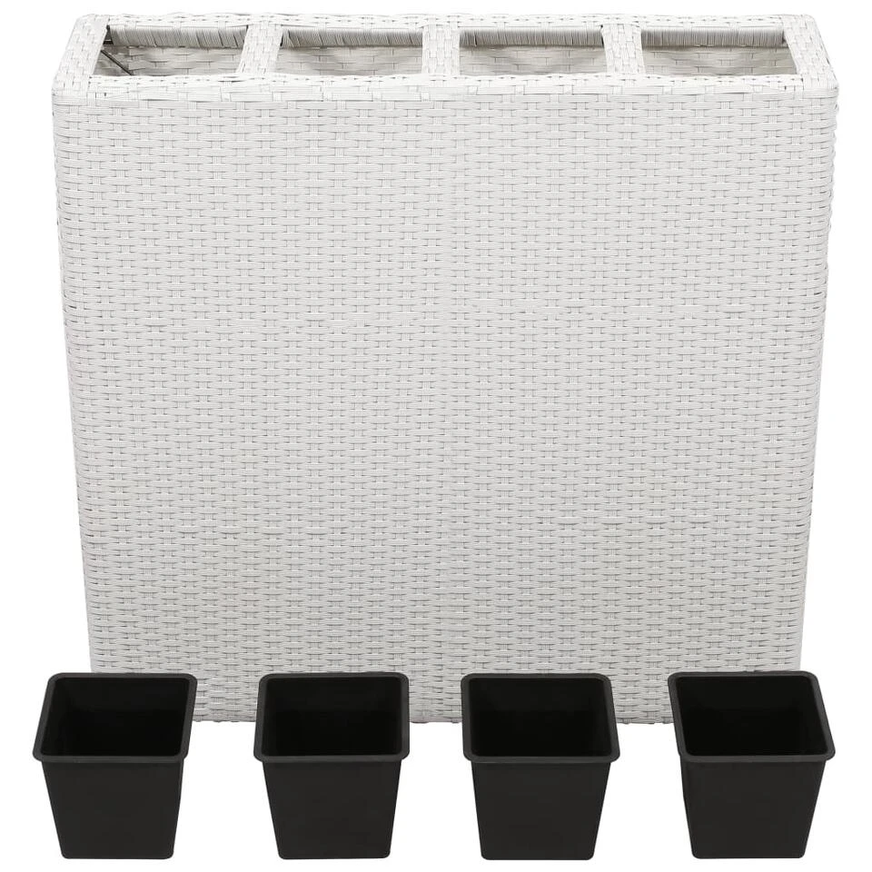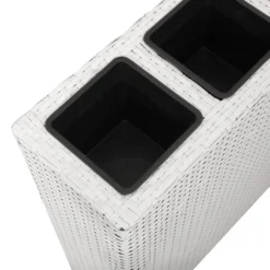 Deze plantenbak is gemaakt van duurzaam, waterbestendig rattan en is de perfecte aanvulling op je buitenruimte. De strakke weefstructuur zorgt voor een gladde afwerking en goede stabiliteit. De plantenset bestaat uit 4 kunststof potten waardoor de set een lange levensduur heeft. Je kunt allerlei planten en bloemen netjes in de potten plaatsen.
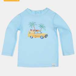 The beauty, functionality and elevated quality for which Toshi is traditionally renowned, is crafted into an exquisite baby swimwear collection. Rated UPF 50+, Toshi Swim offers maximised sun protection and water safety. The finest quality fabrication is fast drying and chlorine & salt water friendly. The adorable Toshi Swim Onesie features a frill on shoulders for a playful and charming touch. A high neckline and long sleeves ensure greater sun protection. Bottom opening press studs facilitate efficient nappy changes. The Swim Onesie has a front opening neck zip for ease of dressing. Seamless sides offer greater comfort and enhanced contouring. An original and exclusive Toshi print design is featured.
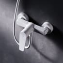 Dette klassiske brusebatteri forener organiske kurver og rene linjer i et stilrent, mat hvidt udtryk. Den lyse overflade tilføjer et let og roligt præg på badeværelset – og med sin slidstærke og ridsefaste finish holder det både udseende og funktion over tid.
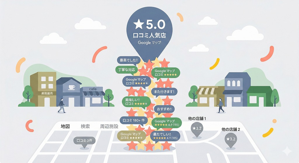 現在では、店舗の集客力を大きく左右する重要な要素となっています。ここでは、Google口コミが持つ価値と、マップ検索で上位表示を目指す「MEO対策」への影響について解説します。
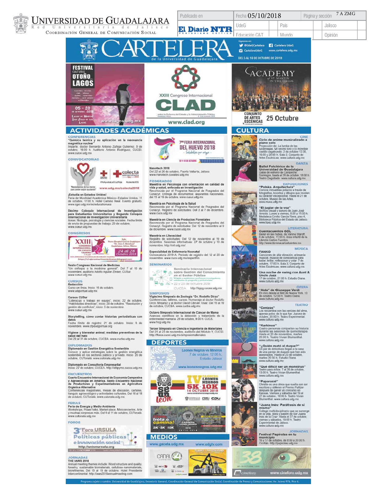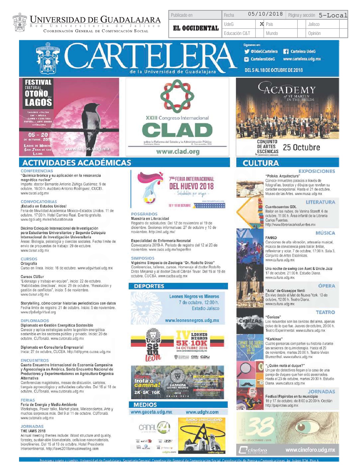 Viernes 05 de Octubre de 2018
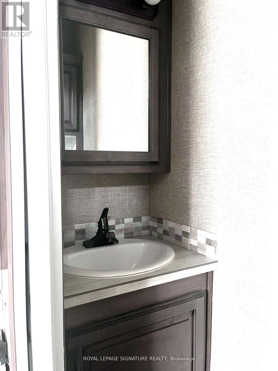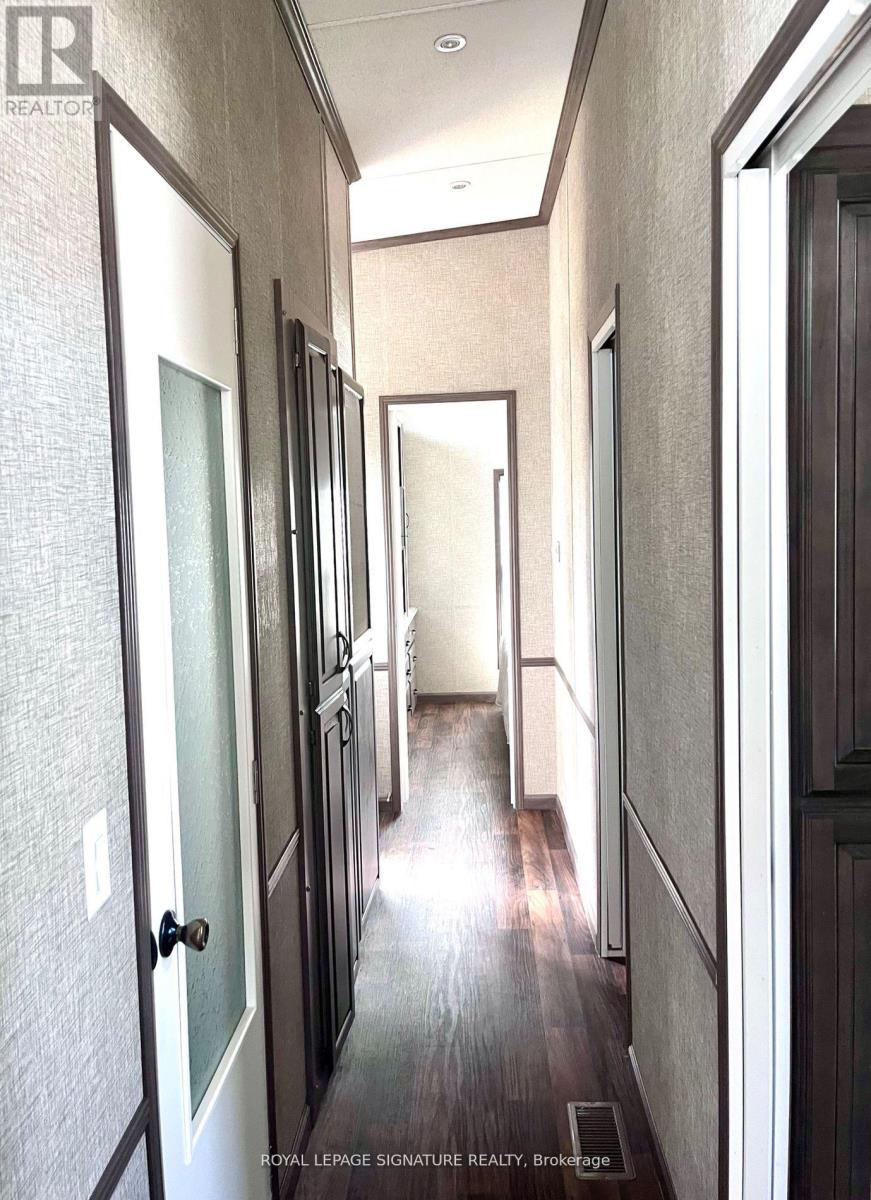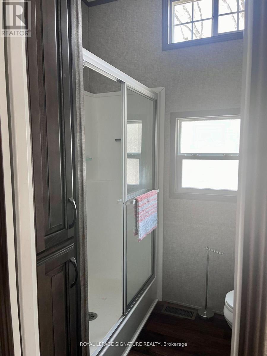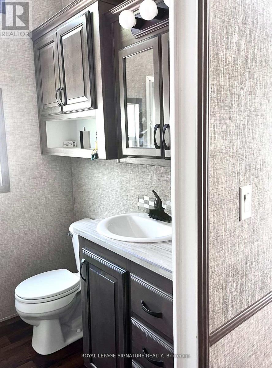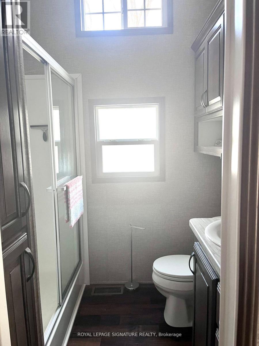 KICK-BACK & RELAX AT AMENITY -RICH "NESTLE IN" RESORT ALONG EMILY CREEK- Discover an affordable way to enjoy the Summer Season with this 2018 Frontier modular unit by General coach gives you 540 sq ft of open concept living featuring vaulted ceilings. This unit comes fully furnished & is bright & spacious, modern & inviting for May-Oct season. The kitchen is massive & features a peninsula with bar stools for casual eating. By any measure, this is one of the best kitchens you can have with full appliances, double sink, windows & a built-in microwave for all your needs. There are 2 bedrooms & 1 3-piece bath that all have tons of storage, clean vinyl plank flooring. Bedroom 2 has a custom bunk bed with easy to access stairs with storage for safety & functionality. Outside the huge deck coverage partially by sizable. (id:64974)
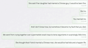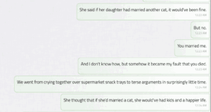 The target audience for this game indubitably includes furries, given the fact that there are two versions of this game — one in which the player is a coyote married to a cat; the other in which the player is a white man married into a Chinese family. However, beyond this surface-level demographic, You’re Gone speaks to anyone who has experienced the undiscriminating and disorienting aftermath of loss and grief. The game successfully draws empathy towards those who have experienced loss in their lives before (and evokes a light feeling of sadness and loss), through an immersive SMS user interface, realistic texts (that I could envision sending), and the hauntingly subtle time stamps reflecting moments of indecision or desperation. This is a game for those who have failed to move on, for those who have, and for those who are still trying.
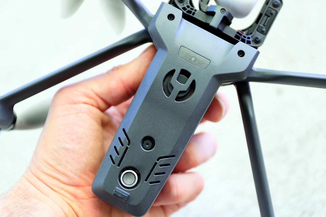 Because of the way this drone sets its camera out and away from any block, it's able to tilt a full 180-degrees up and down. The drone has 3-axis hybrid stabilization – that's 2-axis roll/tilt angles and EIS: 3-axis roll/pan/tilt angles.
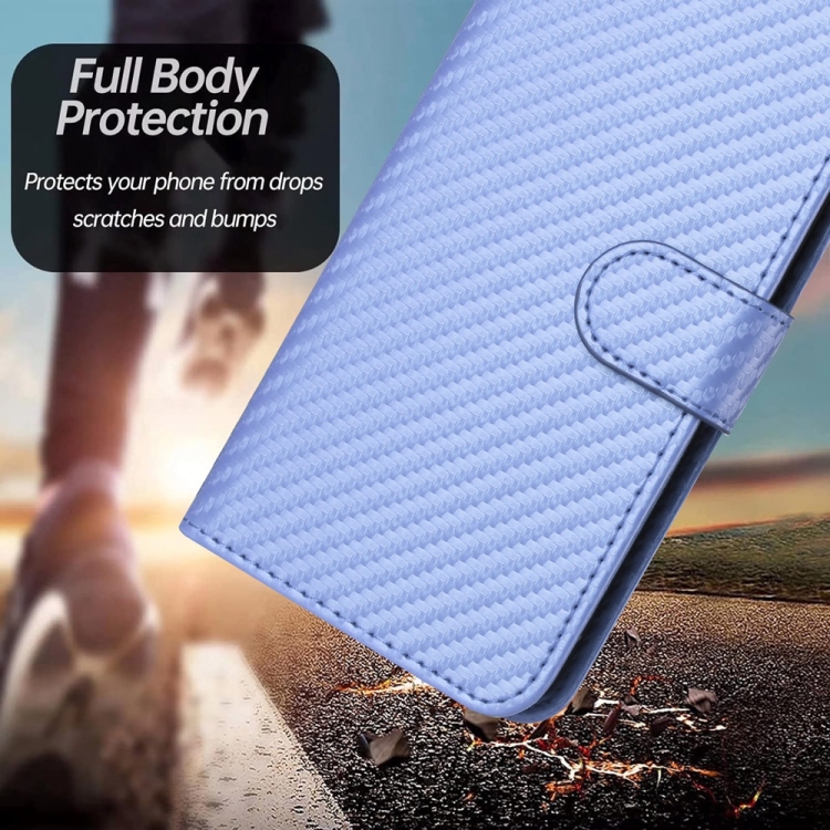 Funda de Cuero para Tecno Camon 30 Pro Yx0070 con Hebilla de Fibra de Carbono y Cordón (Púrpura Claro)
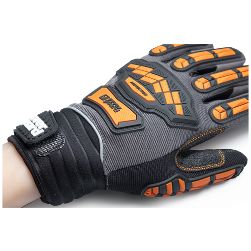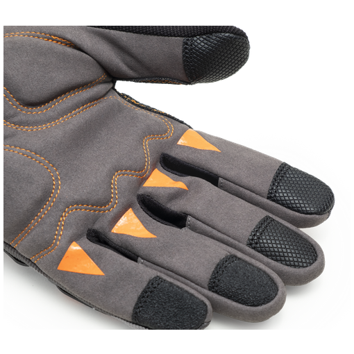 Paume en tissu microfibre gris et dos en polyester gris, paume rembourrée, inserts TPR anti-impact sur le dos de la main et des doigts ; index majeur et pouce grip PU tactile/écran, poignet néoprène avec fermeture velcro.
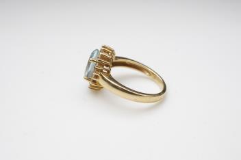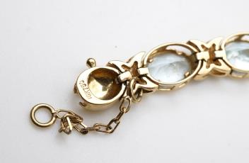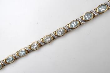 Attractive and in good condition, only minor wear, aquamarines quite pale but well-matched and pretty. Bracelet well-articulated, clasp secure. Ring cluster approximately 13.5mm in total.
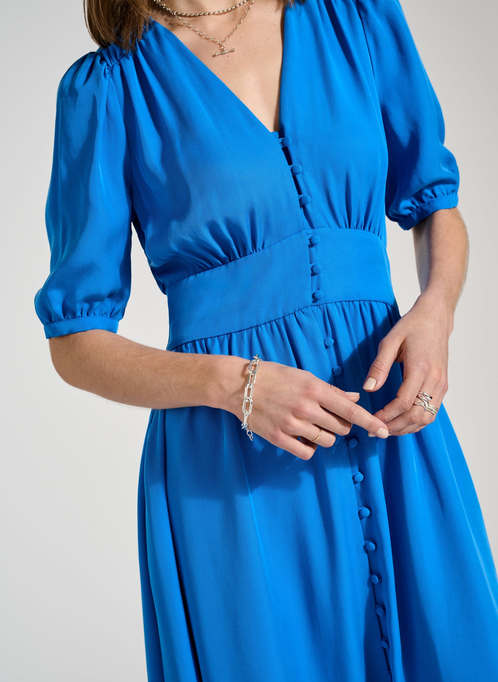 • Buttons through to the knee with rouleau loop fastenings
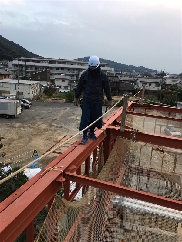 そうして作りあげた鉄骨を使用して、現場で組み立て作業を行います。
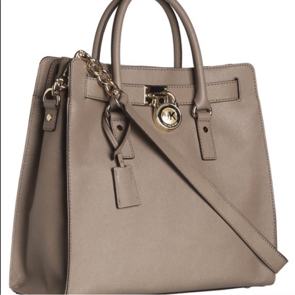 This saffiano leather handbag is in the color dune. It has been gently used a handful of times. There are a few minor stains that are very hard to see with the naked eye. All of the hardware is gold. If you have any questions feel free to ask!
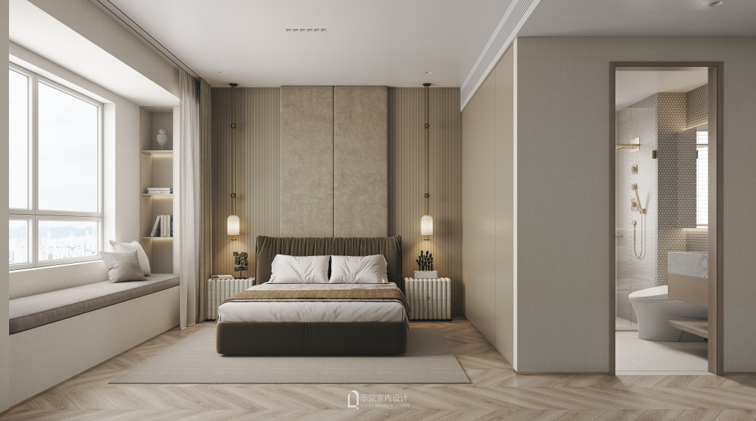高级磨毛的床头硬包,搭配绒布丝滑的主卧床,雅致轻奢。

**ASSIGNMENT**:
Give back the material above exactly as it appears, minus the pictures.

**SOLVED EXERCISE**:
 Deze plantenbak is gemaakt van duurzaam, waterbestendig rattan en is de perfecte aanvulling op je buitenruimte. De strakke weefstructuur zorgt voor een gladde afwerking en goede stabiliteit. De plantenset bestaat uit 4 kunststof potten waardoor de set een lange levensduur heeft. Je kunt allerlei planten en bloemen netjes in de potten plaatsen.
 The beauty, functionality and elevated quality for which Toshi is traditionally renowned, is crafted into an exquisite baby swimwear collection. Rated UPF 50+, Toshi Swim offers maximised sun protection and water safety. The finest quality fabrication is fast drying and chlorine & salt water friendly. The adorable Toshi Swim Onesie features a frill on shoulders for a playful and charming touch. A high neckline and long sleeves ensure greater sun protection. Bottom opening press studs facilitate efficient nappy changes. The Swim Onesie has a front opening neck zip for ease of dressing. Seamless sides offer greater comfort and enhanced contouring. An original and exclusive Toshi print design is featured.
 Dette klassiske brusebatteri forener organiske kurver og rene linjer i et stilrent, mat hvidt udtryk. Den lyse overflade tilføjer et let og roligt præg på badeværelset – og med sin slidstærke og ridsefaste finish holder det både udseende og funktion over tid.
 現在では、店舗の集客力を大きく左右する重要な要素となっています。ここでは、Google口コミが持つ価値と、マップ検索で上位表示を目指す「MEO対策」への影響について解説します。
 Viernes 05 de Octubre de 2018
 KICK-BACK & RELAX AT AMENITY -RICH "NESTLE IN" RESORT ALONG EMILY CREEK- Discover an affordable way to enjoy the Summer Season with this 2018 Frontier modular unit by General coach gives you 540 sq ft of open concept living featuring vaulted ceilings. This unit comes fully furnished & is bright & spacious, modern & inviting for May-Oct season. The kitchen is massive & features a peninsula with bar stools for casual eating. By any measure, this is one of the best kitchens you can have with full appliances, double sink, windows & a built-in microwave for all your needs. There are 2 bedrooms & 1 3-piece bath that all have tons of storage, clean vinyl plank flooring. Bedroom 2 has a custom bunk bed with easy to access stairs with storage for safety & functionality. Outside the huge deck coverage partially by sizable. (id:64974)
 The target audience for this game indubitably includes furries, given the fact that there are two versions of this game — one in which the player is a coyote married to a cat; the other in which the player is a white man married into a Chinese family. However, beyond this surface-level demographic, You’re Gone speaks to anyone who has experienced the undiscriminating and disorienting aftermath of loss and grief. The game successfully draws empathy towards those who have experienced loss in their lives before (and evokes a light feeling of sadness and loss), through an immersive SMS user interface, realistic texts (that I could envision sending), and the hauntingly subtle time stamps reflecting moments of indecision or desperation. This is a game for those who have failed to move on, for those who have, and for those who are still trying.
 Because of the way this drone sets its camera out and away from any block, it's able to tilt a full 180-degrees up and down. The drone has 3-axis hybrid stabilization – that's 2-axis roll/tilt angles and EIS: 3-axis roll/pan/tilt angles.
 Funda de Cuero para Tecno Camon 30 Pro Yx0070 con Hebilla de Fibra de Carbono y Cordón (Púrpura Claro)
 Paume en tissu microfibre gris et dos en polyester gris, paume rembourrée, inserts TPR anti-impact sur le dos de la main et des doigts ; index majeur et pouce grip PU tactile/écran, poignet néoprène avec fermeture velcro.
 Attractive and in good condition, only minor wear, aquamarines quite pale but well-matched and pretty. Bracelet well-articulated, clasp secure. Ring cluster approximately 13.5mm in total.
 • Buttons through to the knee with rouleau loop fastenings
 そうして作りあげた鉄骨を使用して、現場で組み立て作業を行います。
 This saffiano leather handbag is in the color dune. It has been gently used a handful of times. There are a few minor stains that are very hard to see with the naked eye. All of the hardware is gold. If you have any questions feel free to ask!
高级磨毛的床头硬包,搭配绒布丝滑的主卧床,雅致轻奢。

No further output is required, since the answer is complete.